The function pre-computes: - Concept-level time distribution statistics (for violin/box plots) - Age and gender statistics per concept - Ordinal concept summaries (1st, 2nd, 3rd occurrences) - Clustering results for k=2,3,4,5 clusters - Cluster overlap and differentiation metrics

Examples

# \donttest{
if (requireNamespace("reticulate", quietly = TRUE) &&
    (nzchar(Sys.which("python3")) || nzchar(Sys.which("python")))) {
  configurePython(createVenv = FALSE)
  deps <- checkPythonDeps()
  if (all(deps$installed)) {
    studyPath <- system.file("example", "st", "lc500", package = "CohortContrast")

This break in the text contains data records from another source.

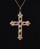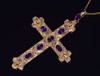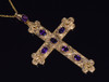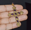 Certified Natural 2.95Cts Amethyst 18K 750 Solid Gold Engraved Cross Etruscan Pendant
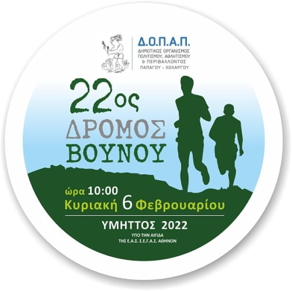 Ο Δημοτικός Οργανισμός Πολιτισμού Αθλητισμού & Περιβάλλοντος Παπάγου – Χολαργού προκηρύσσει τον “22ο Δρόμο Βουνού – Υμηττός 2022”, ο οποίος θα διεξαχθεί την Κυριακή 6 Φεβρουαρίου 2022.
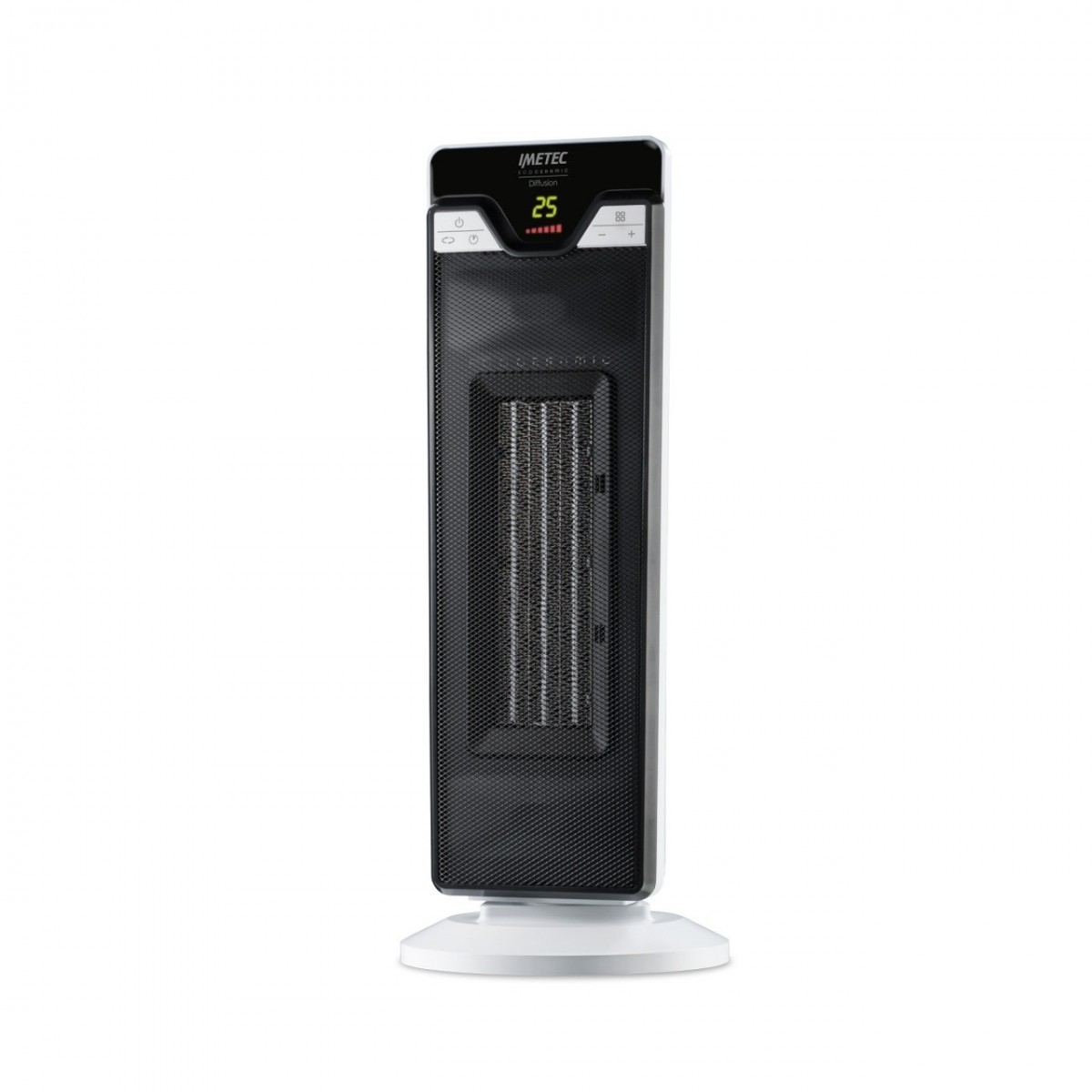 Imetec Diffusion. Tipo: Riscaldatore ambiente elettrico con ventilatore, Tipologia elemento riscaldante: Ceramica, Durata massima del timer: 24 h. Adatto per: Interno, Opzioni di posizionamento: Pavimento, Tavolo, Colore del prodotto: Nero, Bianco. Potenza termica: 2200 W. Tensione di ingresso AC: 220 - 240 V, Frequenza di ingresso AC: 50 Hz. Larghezza: 195 mm, Profondità: 222 mm, Altezza: 551 mm
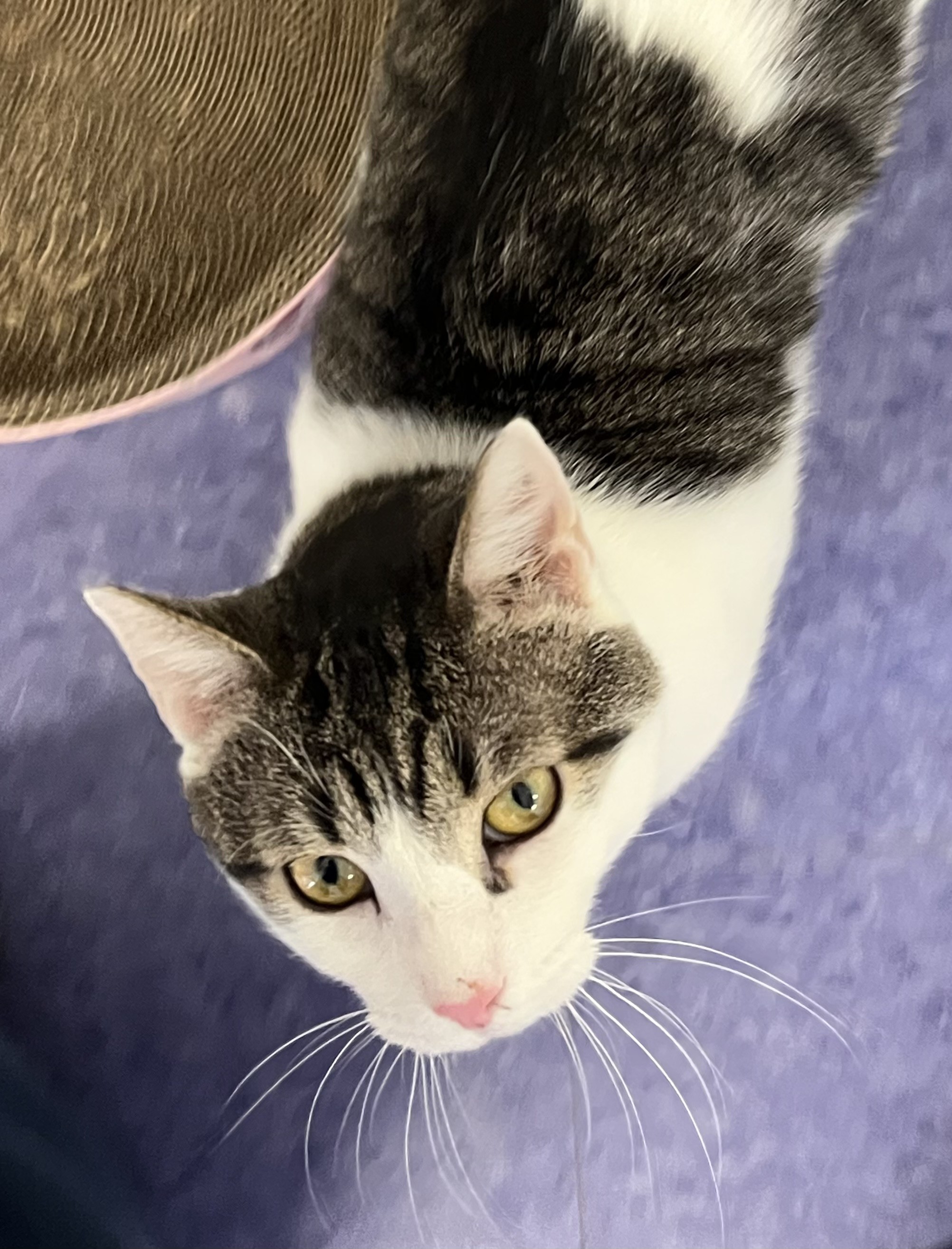 Born September 2024 This petite girl was found in the Bronx. She was moving between two lots with a barbed wire fence in between. Maya arrived with a few scratches but has healed well. She has a charming personality and likes to circle legs to ask for pets. Maya is quiet but playful. She does like to snuggle in small spaces for naps but also enjoys window views and cozy couches. It's hard to believe but Maya never misses a meal and treats are her favorite dessert. She's comfortable with other cats but would prefer a home without dogs.
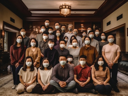 Generative AI : happy family in protective medical masks in the midst of the coronavirus pandemic at home
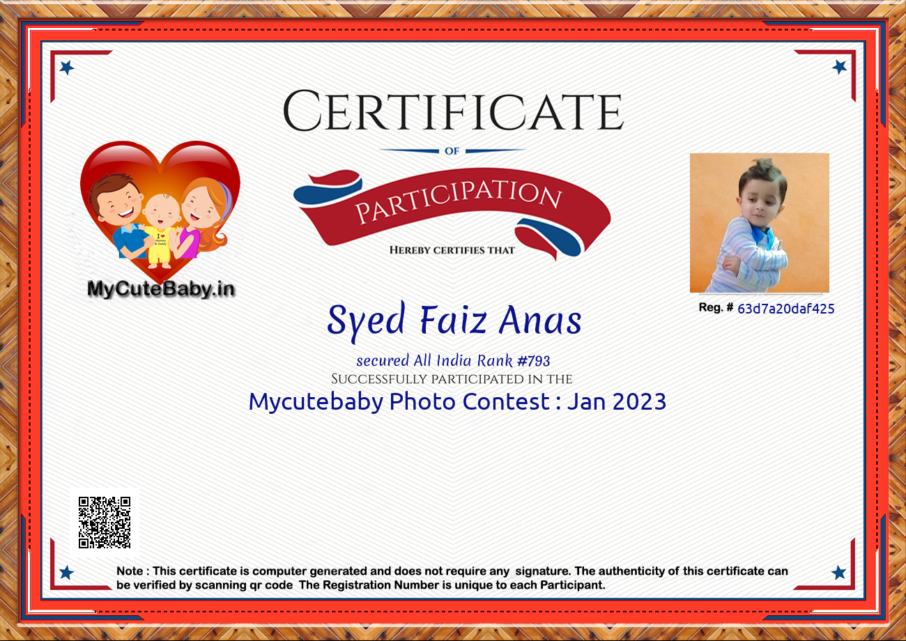 Participation certificate for all the participants whose mycutebaby votes are more than 1000.
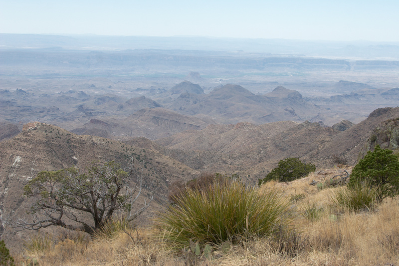 After the spectacular inital view, the trail continues along the rim for another half hour or so, giving additional displays. In this one, you can clearly see Santa Elana Canyon: the big gorge to the right. You can also see the Rio Grande floodplain traveling parallel to the cliff (look for the green of the willow trees).
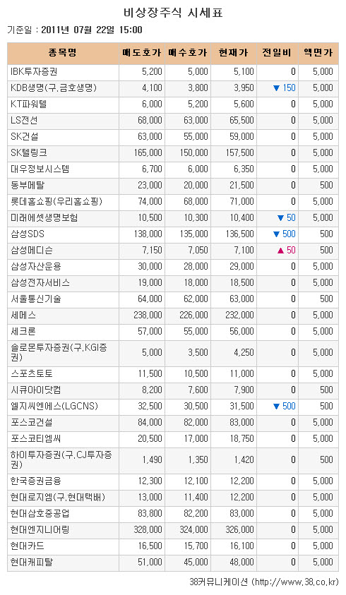 [아시아경제 천우진 기자] 오는 25일 공모 청약 예정인 화장품 제조 및 판매업체 제닉과 26일 공모 청약 예정인 반도체 장비 제조업체 아이씨디가 각각 3만2000원(+6.67%), 5만2500원(+5.53%)으로 급등해 신고가를 재경신했다. 이번달 29일 코스닥 상장 예정인 지능형교통시스템(ITS) 구축업체 경봉은 1만300원(-3.74%)으로 이틀 상승 후 하락했다. 이달 28일 공모 청약 예정인 바이오디젤 생산업체 제이씨케미칼은 1만2000원(+4.35%)으로 하루 쉬고 다시 올라 최고가를 경신했다. 우드그레인 생산업체 화진은 7750원(+3.33%)으로 이틀 쉬고 다시 올라 상승폭을 확대하며 신고가를 갈아 치웠다.상장 승인기업으로 반도체 제조업체 테크윙과 융합유전체 대량분석서비스기업 디엔에이링크가 각각 1만6600원(+1.84%), 1만원(+2.56%)으로 2일, 5일 연속 상승했다. 상장 예심청구 기업으로 음반 제작업체 와이지엔터테인먼트가 3만3000원(+6.45%)으로 급등했으나 비금속 광물제품 제조업체 사파이어테크놀로지와 터보엔진 제품 제조업체 뉴로스는 각각 8만1500원(-2.40%), 9150원(-7.58%)으로 하락했다.시스템통합(SI) 관련주로 삼성SDS가 13만6500원(-0.36%)으로 사흘 만에 하락했다. 엘지씨엔에스는 3만1500원(-1.56%)으로 5거래일 만에 약세로 돌아섰다. 대우정보시스템은 6350원으로 시세 변동이 없었다.생명보험 관련주로 미래에셋생명이 1만400원(-0.48%)으로 내려 약세를 이어갔다. KDB생명보험은 3950원(-3.66%)으로 하락하며 5주 최저가로 밀려났다.애니메이션 제작업체 오콘은 7500원(+1.35%)으로 7일 연속 신고가 행진을 이어갔다. 의료장비 제조업체 삼성메디슨도 7100원(+0.71%)으로 올라 9거래일 동안 상승세가 이어졌다. 전기 변환장치 제조업체 시그넷시스템은 2400원(-2.04%)으로 하락하며 장을 마감했다.자료제공:

    outputPath <- file.path(tempdir(), "lc500_summary")
    result <- precomputeSummary(
      studyPath = studyPath,
      outputPath = outputPath,
      clusterKValues = c(2, 3),
      conceptLimit = 20,
      maxParallelJobs = 1
    )
    result$outputPath
  }
}
#> Configuring Python environment for CohortContrast Viewer...
#> Using system Python: /Users/markushaug/.virtualenvs/r-cohortcontrast-viewer/bin/python3
#> Python configuration complete.
#> Python version: 3.13
#> Python path: /Users/markushaug/.virtualenvs/r-cohortcontrast-viewer/bin/python
#> All required Python packages are installed.
#> Pre-computing summary data for: /Users/markushaug/UT/R-packages/Develop/CohortContrast/inst/example/st/lc500
#> This may take a few minutes for large datasets...
#> 17:41:49 [INFO] ============================================================
#> 17:41:49 [INFO] Pre-computing summary for: /Users/markushaug/UT/R-packages/Develop/CohortContrast/inst/example/st/lc500
#> 17:41:49 [INFO] Output directory: /var/folders/04/_j3s9x5j6mvf0cbxxbbgy5_00000gn/T/RtmpeYfpSH/lc500_summary
#> 17:41:49 [INFO] Concept limit: 20
#> 17:41:49 [INFO] Min cell count: 0
#> 17:41:49 [INFO] MiniBatchKMeans cutoff patients: 50000
#> 17:41:49 [INFO] ============================================================
#> 17:41:49 [INFO] Starting: Loading parquet files
#> 17:41:49 [INFO]   data_patients: 4,656 rows
#> 17:41:49 [INFO]   data_features: 16 rows
#> 17:41:49 [INFO]   data_initial: 1,000 rows
#> 17:41:49 [INFO]   data_person: 1,000 rows
#> 17:41:49 [INFO]   complementaryMappingTable: 0 rows
#> 17:41:49 [INFO] Completed: Loading parquet files (0.12s)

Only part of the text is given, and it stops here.